Monday, January 19, 2004

A Brave New World Wide Web

"We don’t know what the web is for but we’ve adopted it faster than any technology since fire." -- David Weinberger (co-author), The Cluetrain Manifesto: The End of Business as Usual, 2000

According to Cluetrain, the magic of the Internet is that we are all finding our voices and communicating directly with each other. According to a Harris Interactive poll, 69% of American adults were users of the Internet in 2003 (as opposed to just 9% in 1995). What are these 146 million people talking about? Everything. We’re comparing notes and sharing first-hand knowledge. Cluetrain co-author Christopher Locke calls the Net "a powerful multiplier for intellectual capital." We are talking on many levels in many roles. We are doing it instantaneously and without filters.

One of the ways we are communicating is consumer-to-consumer. I probably don’t need to tell you the worth of reviews posted to www.amazon.com and www.epinions.com. You may have even found one valuable enough that you wanted to "pay it forward" by posting a review of your own, right?
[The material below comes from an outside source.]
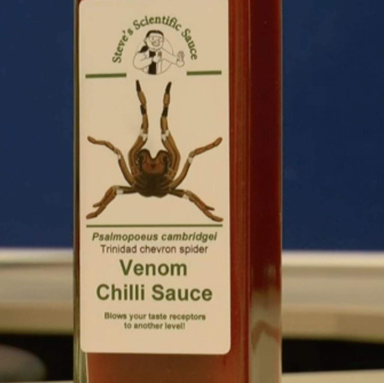 แม้ “เวนอม” จะหมายถึงพิษสัตว์ แต่ซอสพริกเวนอม ทำมาจากพิษสังเคราะห์ โดยทดลองจากพิษของแมงมุมพิษทารันทูลาของตรินิแดด ที่หากใครโดนแมงมุมชนิดนี้กัดเข้าก็จะมีอาการกล้ามเนื้อกระตุกและปวดแสบปวดร้อน ส่วนที่ต้องเป็นพิษสังเคราะห์ก็เพราะเป็นไปไม่ได้ที่จะใช้พิษจริง อีกทั้งสำนักงานมาตรฐานอาหารก็ไม่ยินยอม

Us consumers collectively know more about any given product than the manufacturer does. After all, we have the company’s employees drastically outnumbered. Now that we are talking directly to each other, we are rapidly becoming a force to be reckoned with. Companies that decide to listen and join in on the conversation with an open and honest attitude will keep our business. Companies that don’t won’t.
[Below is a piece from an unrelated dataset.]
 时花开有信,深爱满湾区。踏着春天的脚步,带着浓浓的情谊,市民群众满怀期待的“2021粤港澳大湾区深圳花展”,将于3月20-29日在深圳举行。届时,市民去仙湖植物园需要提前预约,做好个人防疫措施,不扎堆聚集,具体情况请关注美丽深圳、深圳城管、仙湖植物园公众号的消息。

One of the first causalities of this Brave New World Wide Web are monolithic computer software companies that don’t know how to give their customer’s what they really want. Enter open source software. Check out the first four winners of the newly announced Open Source Awards. Whether or not you find those projects to be useful, personally, you will certainly find it interesting to see the motivation behind their existence. What do they portend? Will all software go open source? Hardly. But the ones that remain commercial will have to be just as adaptable in their own way.